Each graph shows the GPS activity for each Id
being the Y-Axis the time of the day. So it is very clear, combined with
location map, that this special attention activity is being held.
7. Employees going to the
Kronos Capitol. In the following heatmap, we show the
IDs of Gastech's employees who sistematically
go to Kronos Capitol. One of them goes on Saturday 11th (IDs 25). The others go
on Saturday 19th (the rest of them). We think that this in a suspicious
behavior has to be investigated.
8. Meeting Friday 10 at night: In this heat map, we show the
most active places in the city after 5 PM on Friday 10th. The graph plots the
Lars Azada’ home area as one that had more activity.
The other two sectors of the map where intense activity is shown are Gastech and the way to Azada's
place.
9. Guy’s Giros meeting: CEO goes to
Guy Giros on sunday
19th at night. There were other employees at that place. You can find different
credit cards movements at the same time there. In a 30 minutes range you will
find 11 card movements in that place. That makes us wonder if that is a just a
coincidence, or there was something coordinated about the 11 people involved in
that situation. It is also very strange that for that hour is busy car (15 cars
were identified in that area at that time).
10.
By all exposed, we
really think that further investigation involving the next persons is needed:
CEO/president(ID:31)
Some
members of the Security staff (ID:15,16,21 y 24)
IT
Helpdesk (ID:1)
Some
Facilities guys (people that use the ID101 and ID106)
In
addition a putative net of contacts involving these peoples were detect, but
more evidence is necessary to confirm.
MC2.3 – Like most
datasets, the data you were provided is imperfect, with possible issues such as
missing data, conflicting data, data of varying resolutions, outliers, or other
kinds of confusing data.

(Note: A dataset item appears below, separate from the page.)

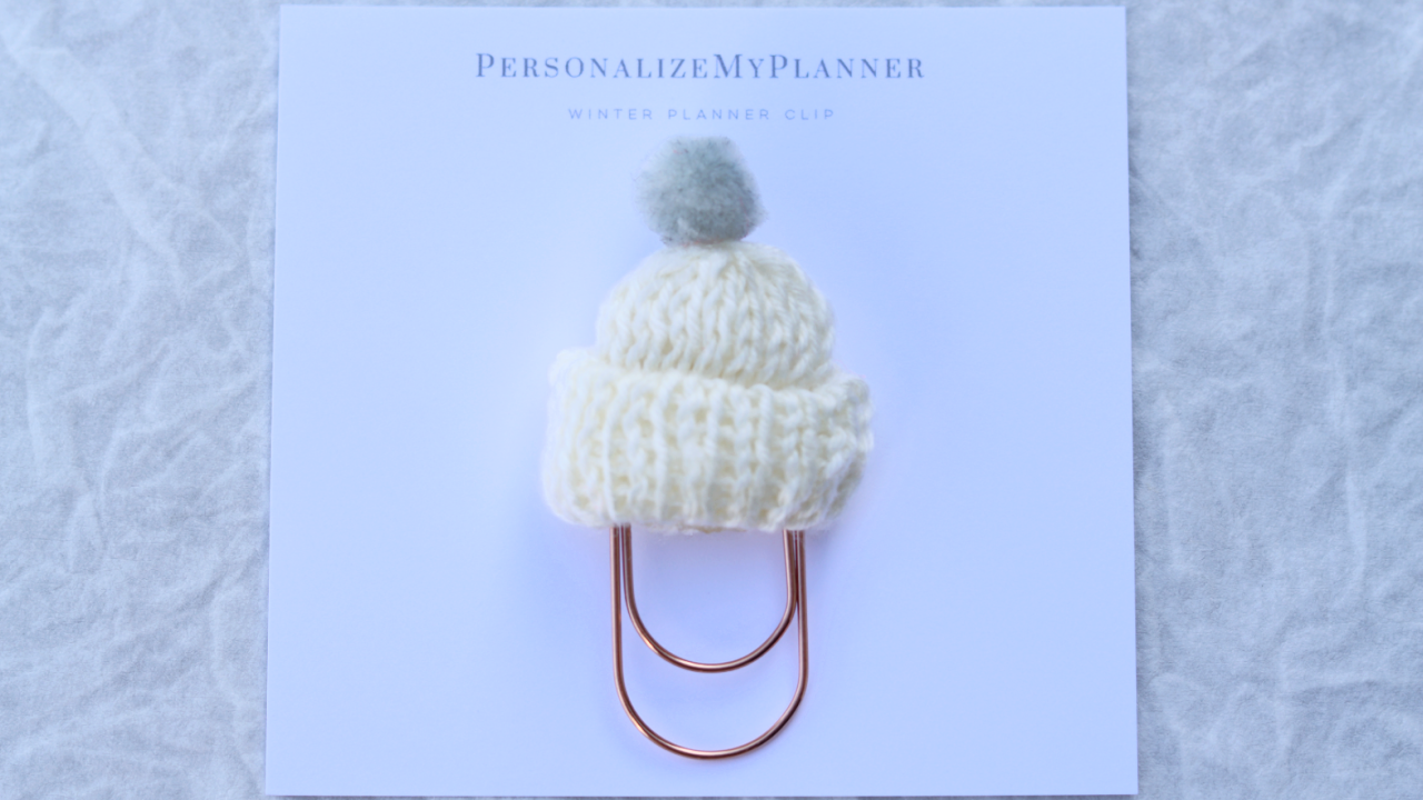 Rose Gold Paper Clip, Winter Beanie Planner Clip, Cream & Rose Gold Planner Clip, Bookmark Gift for Her, Personalize My Planner, Party Favor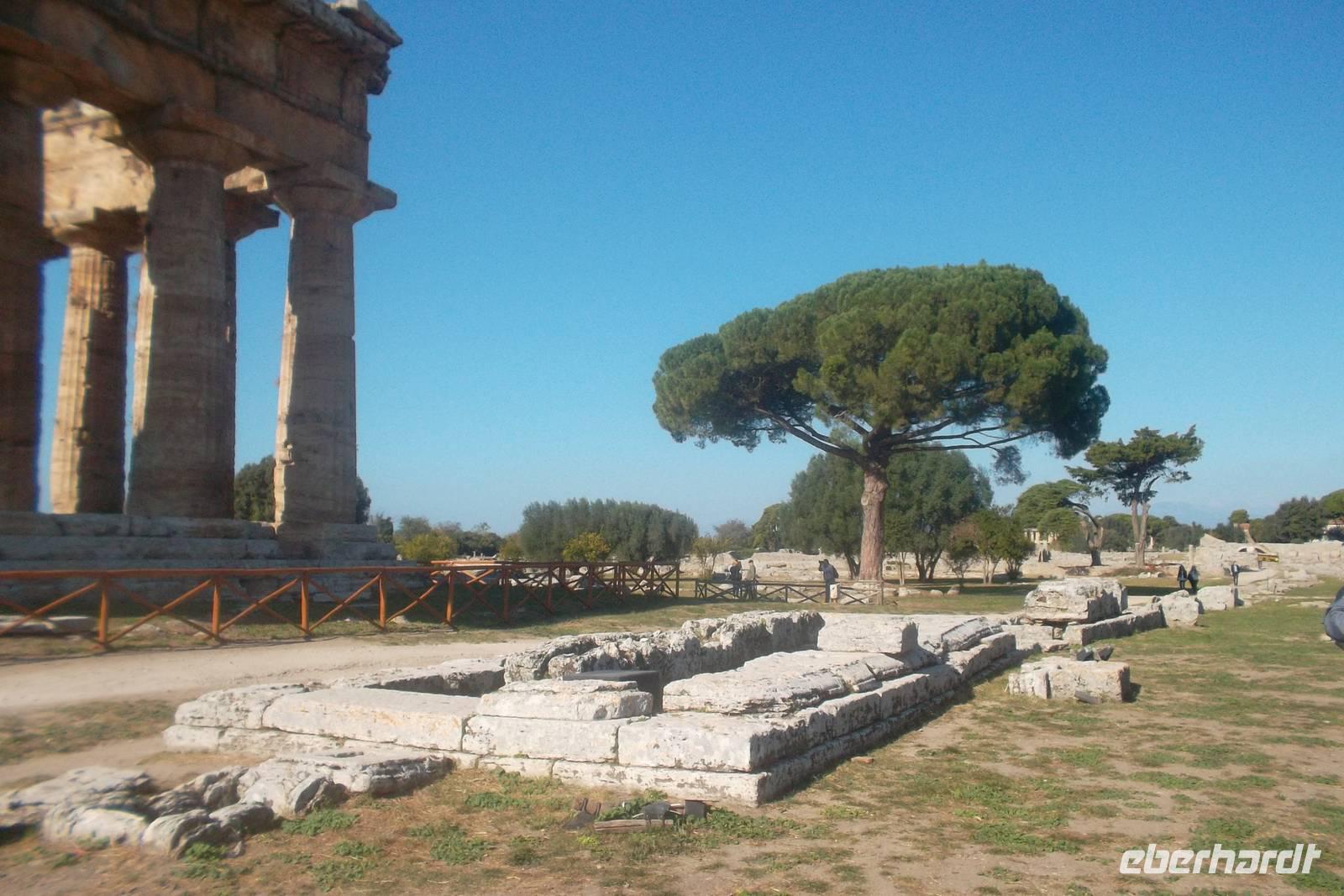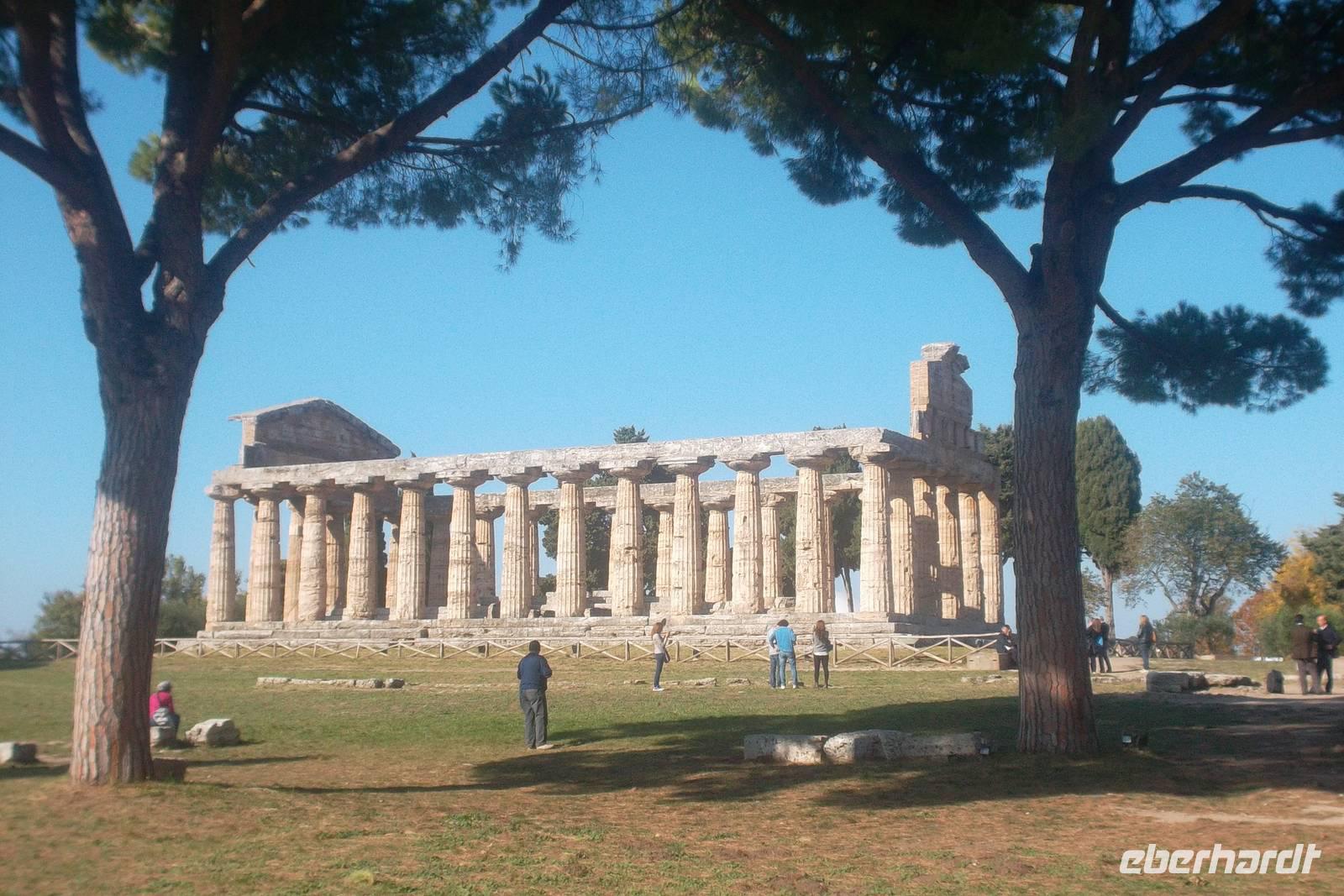 Tageshöhepunkt war allerdings das antike Paestum. Drei nahezu komplett erhaltene griechische Tempel zeugen von einer der größten antiken Griechenstädte Süditaliens, Die als Hafenstadt für den Handel mit den Etruskern gegründete Siedlung wurde erst von den in der Umgebung lebenden Lucaniern erobert, dann wurden diese von den Römern besiegt und Paestum wurde römische Kolonie. Später verlagerten sich die Handelswege und die Stadt verlor an Bedeutung. Schließlich wurde sie nach verschiedenen Zerstörungen durch Araber und Normannen im Mittelalter aufgegeben.

Considering MC2 data is primarily
spatiotemporal, describe how you identified and addressed the uncertainties and
conflicts inherent in this data to reach your conclusions in questions MC2.1
and MC2.2. Please limit your response to
no more than five images and 300 words.
1. Loyalty and Credit Card Differences: There are
some movements where you see a price difference between the loyalty and credit
card. Analyzing the differences, it seems to be some kind of typing problem in
one of them. (for ex. 11,51 and 51,51 or 27,84 and 7,84)
2. ID 28 GPS data seems to be strange: maybe some
changed it. as stated in the strange issues. We
observed in this situation the general path that ID 28 took, despite this
strange data behavior.
3. Kronos Mart Credit Card purchases: When you
compare the timestamp, it doesn’t match with the GPS or the loyalty data. It
seems that the each credit card movement is 12 hours earlier that what you have
in the data. The loyalty data is registered the day before to the purchase, and
the moment when the person is in the Kronos Mart is 12 hours before.
4. Jack’s Magical Beans Credit Card purchases: When you
compare the timestamp, it doesn’t match with the GPS. It seems that the credit
card purchases are all at 12PM. while the time when the people stay at Jack’s
Magical Beans are earlier.
|
5. The data (date) was in different formats: Some for
ex. dd/mm others were in mm/dd. We had to correct this differences to continue our analysis.
6. GPS data problems: There
were more than one GPS point for the same person at the same time (second),
this means that you can not know the exact location as the data implies they
are in two different locations (really close to each other) at the same time.
In spite of this, as we plotted the data, we could see each employee behavior.
7. Missing Data: Trucks vs. Truck’s Drivers. The GPS
data was associated with a driver ID, but not with the truck itself. In the car
assignments table there wasn’t information about who was driving which truck.
8. Administrative Positions: No cars. These positions didn’t have any car
assigned. So we didn’t have any GPS information of them. We had to use their
credit card information to know about their routines.